Stop “Helicopter Parenting” Your Brand

ECD John Paolini explains why, as much as we want to keep our brand (and kids) safe from the real world, we need to learn to let go

This article originally appeared in Campaign Magazine on August 28, 2016.

As I get ready to send my daughter back to school, I’m feeling protective: watching over each moment, making sure she has everything in order, and wishing the first day of school wasn’t right around the corner. It’s our instinct as parents to hold on as long as possible.

As branding experts, we feel the same way about the brands we develop. We want to see them grow and blossom, and strike the right balance between standing out for their unique talents and being accepted. And we desperately want to keep them safe from mistreatment and misinterpretation in a rapidly changing world.

But as much as we want to protect them, studies have shown that helicopter parenting just doesn’t work with our children and over-regulating won’t work with brands, either. Sooner or later, people will interact with them, and ultimately help shape them into something different and hopefully better.

The best thing we can do? Recognize that growth and evolution are good, and create brands in a way that prepares them for these inevitable changes.

Introduce ideas, not rules. Putting your brand into action isn’t about following rules—in fact, it’s not about having rules, period. Too many companies create rigid guidelines and define highly-constrictive use-cases that make it difficult for teams to innovate. They think these rules protect and build brand value, but they do the opposite: strict guidelines breed rebellion when people can’t find the freedom to make the brand work for them within the boundaries.

Instead, try instilling brand ideas and showing how those ideas come to life through different touch points. In guidelines, don’t just include examples of templates—include examples of behaviors, interaction design, and other illustrative applications that embody the brand. Nike, for example, is built around one core value: everybody is an athlete. In their guidelines, they could point to a range of more traditional examples of that value: the Swoosh, the photography style, the copy tone and manner, but they could also include examples like the Nike+ Run Club; a new running app; and the U.S. team’s new track-and-field system, which pushes the Nike visual system.

Encourage smart failure. Inside organizations, brand groups can get pigeonholed into the “policing role,” which can lead marketing teams to believe they shouldn’t try anything new or push boundaries, often creating negativity between brand teams and marketing/sales. This is a shame, and in a world where brands continually need to push the envelope, it can be deadly. We need to find ways to encourage our teams—strategists, designers, technologists—to try new things and create work that pushes the envelope in a smart way.

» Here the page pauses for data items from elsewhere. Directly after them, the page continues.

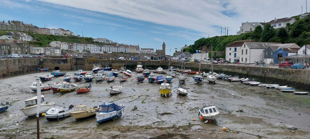 Portleven harbour, we headed for pasties and cold drinks as it was lunchtime and we felt we needed to keep water levels topped up on this hot day.
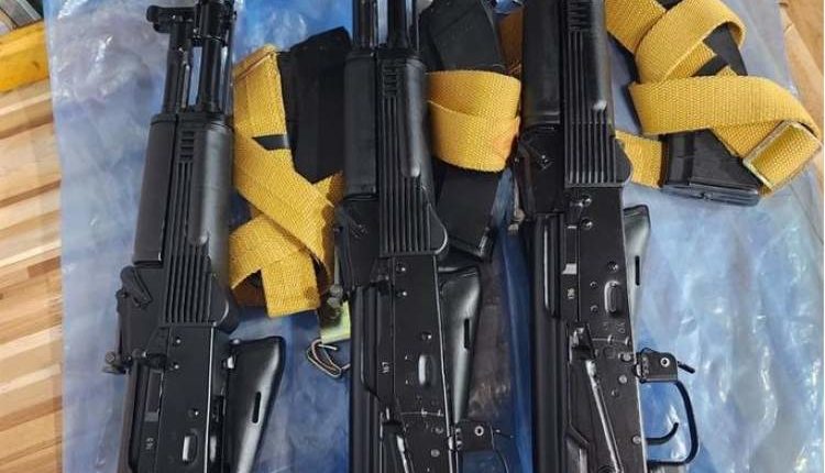 ويظهر في الصورة سلاح الي بشكل اسود مشابه للاسلحة الروسية ويسمى اياكي قصير ١٠٤ .
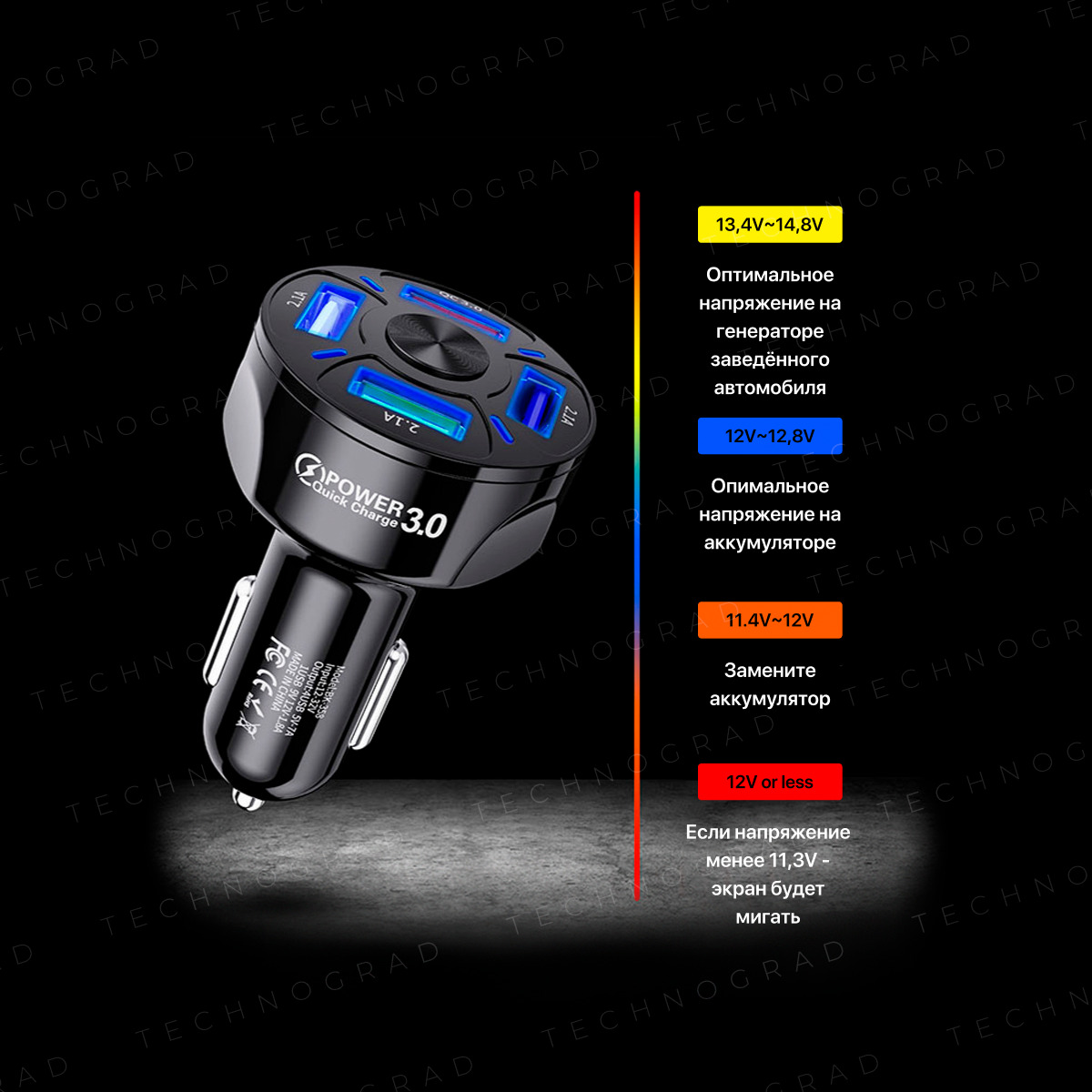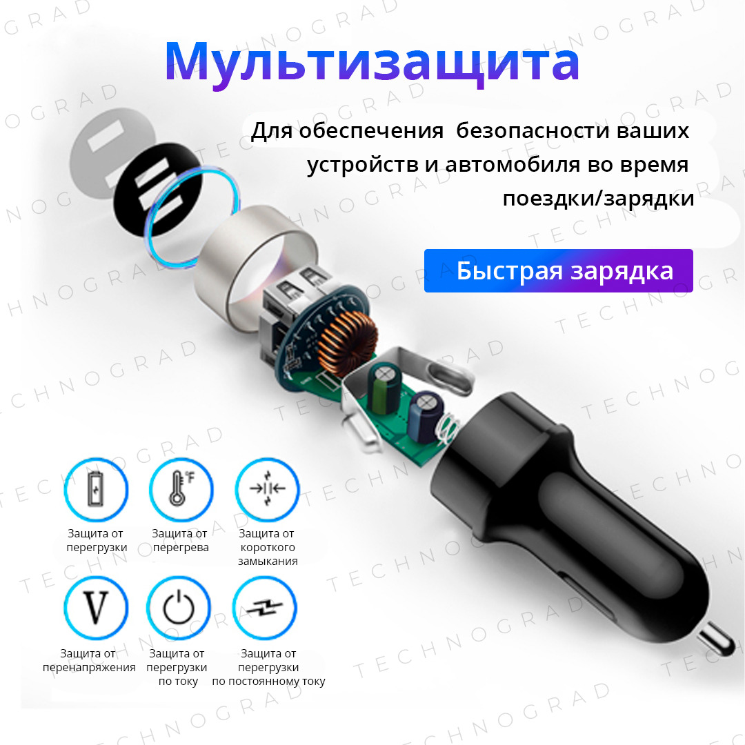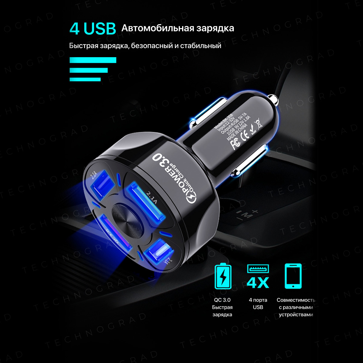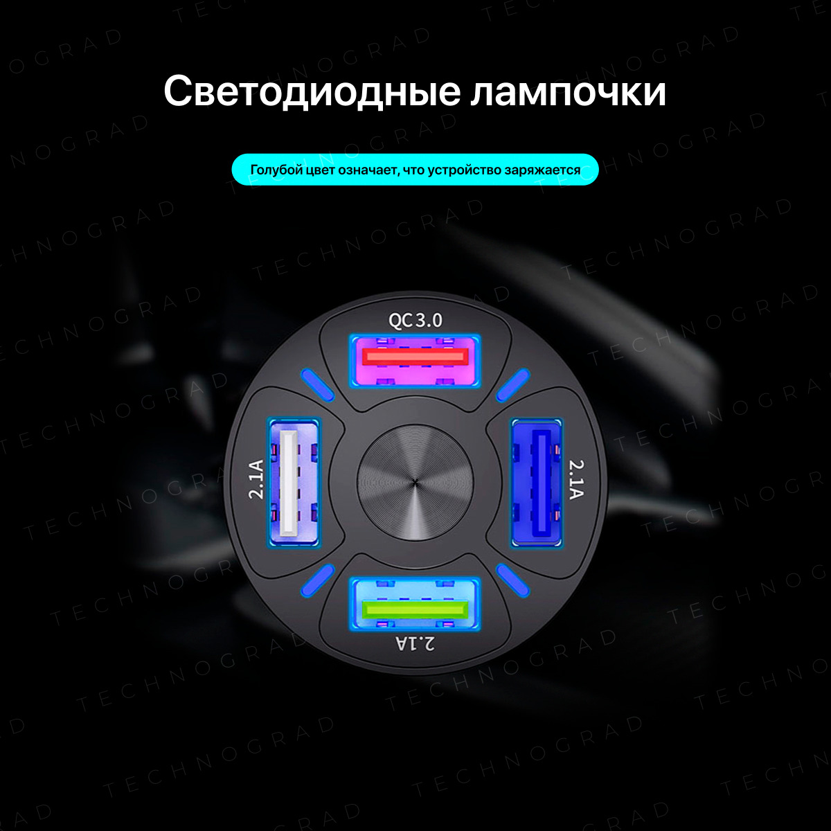 Автомобильное зарядное устройство в прикуриватель 4 порта USB. Зарядка в машину QC3.0
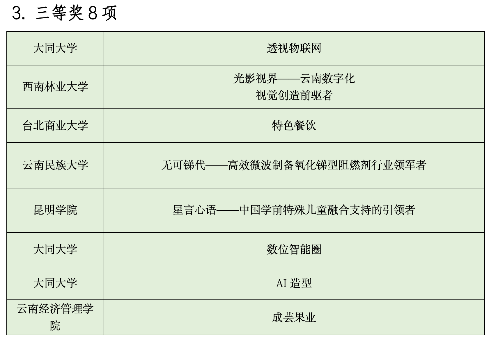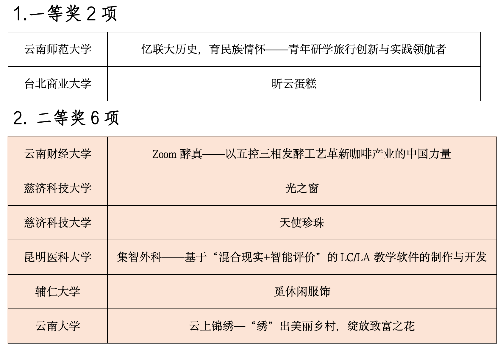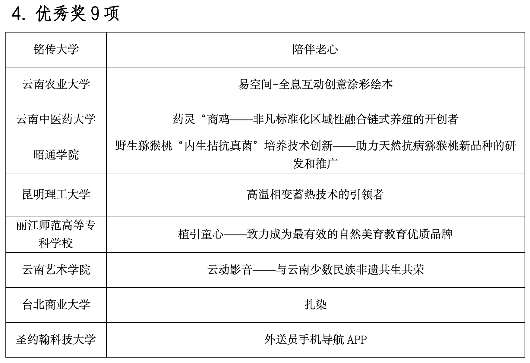 今年的邀请赛是历年来人数最多、规模最大的一次。来自云南师范大学、铭传大学、辅仁大学、云南大学、昆明理工大学、慈济科技大学等20所云台高校学生组成的25支队伍,聚焦教育、文化、信息、现代物流、高原特色现代农业、养殖业食品与消费品制造等重点领域展开激烈角逐,评选出一等奖2项、二等奖6项、三等奖8项、优秀奖9项,以及最佳人气、最佳创意、优秀组织、优秀指导教师等奖项。

Hiring is the place to start. Yes, it’s about finding talented people—but it’s also about identifying smart risk-takers: those who are willing to take chances and create work that amazes people. Some agencies set up incentives to reward “heroic failure”: giving out medals or creating spaces to share beloved work that never saw the light of day. Google X, often called the company’s “moonshot factory” for its focus on crazy, big-picture challenges, rewards teams for failing forward, noting that it’s only through this approach that we arrive at things like the self-driving car. This is the way we need to look at branding and design, too.

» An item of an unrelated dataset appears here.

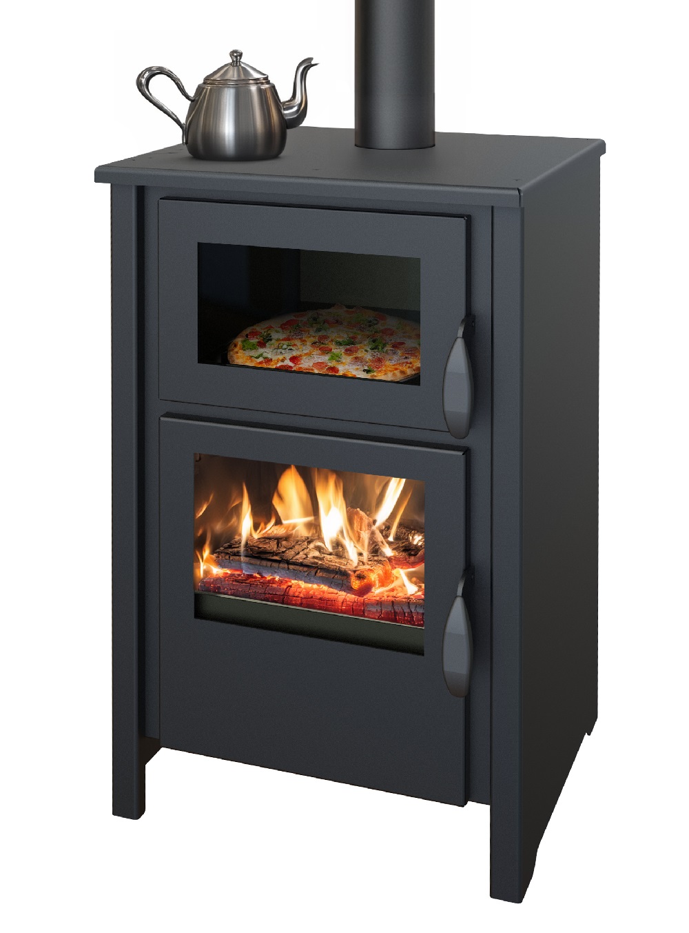 Kochen und Heizen gleichzeitig - dieses Problem wird in eleganter, praktischer und rationeller Form gelöst: Mittels eines in den Kaminofen integrierten Backfaches ist es möglich, unabhängig von Strom oder Gas zu Kochen oder zu Backen. Im Backfach können Sie Pizza oder Brot bzw. Brötchen backen. In kürzester Zeit werden Pizzas perfekt knusprig wie im italienischen Restaurant. Backfachtemperaturen von 280°C sind ohne Probleme möglich! Auch ist das Backfach schön gleichmäßig heiß.
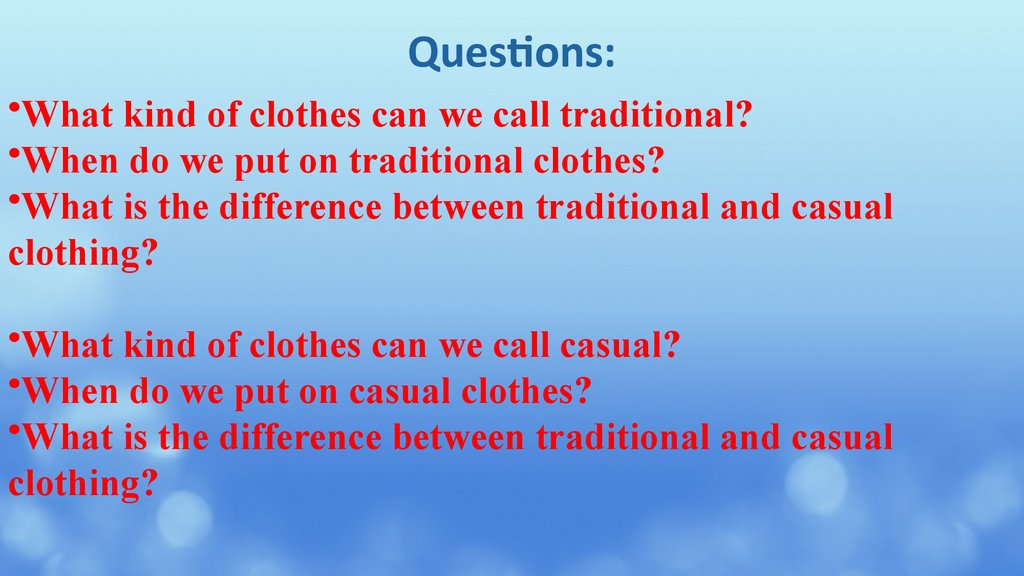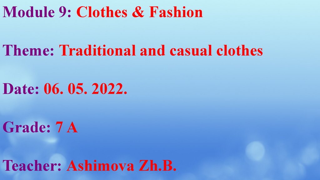 Module 9: Clothes & Fashion. Traditional and casual clothes

Don’t force square pegs into round holes. Sometimes organizations try to translate guidelines for one use directly to another, rather than seeing a new use case as an opportunity to find a different way to create a branded interaction. This happens often with university seals. Schools rightfully see these marks as important, but they were not built for a digital age, and when forced into use as a Twitter icon, or onto a site homepage, the seal just doesn’t work as well, and websites end up looking like an online brochure rather than becoming a truly digital representation of the institution.

Give people a framework to play with your brand. As much as we want to have sole ownership over everything with our name on it, this simply isn’t how brands operate today. Brands are owned by those who actually use it—your salespeople, fans, customers. They’re going to take liberties and experiment with our brands anyway; we need to give them the frameworks to do so in a way that aligns with the brand idea.

Airbnb has done that recently with its “community-owned” brand. After redesigning its logo and visual identity, the company began encouraging its hosts to adapt the system, saying it “actively want(s) our community to mess with the logo and identity.” The company created a new microsite with 50+ colors and patterns, and even an online store where hosts can print stamps, bags, and business cards that feature their own Airbnb brand system.

It’s only natural to feel protective. But unlike in the early, rigid days of branding, we are not building a monument to a company; instead, we’re creating ideas that will govern a living, breathing thing. It’s time to be proactive and welcome the democratization of brands: by changing our attitudes, loosening our grips, and building brands in a way that that gives them room for healthy growth.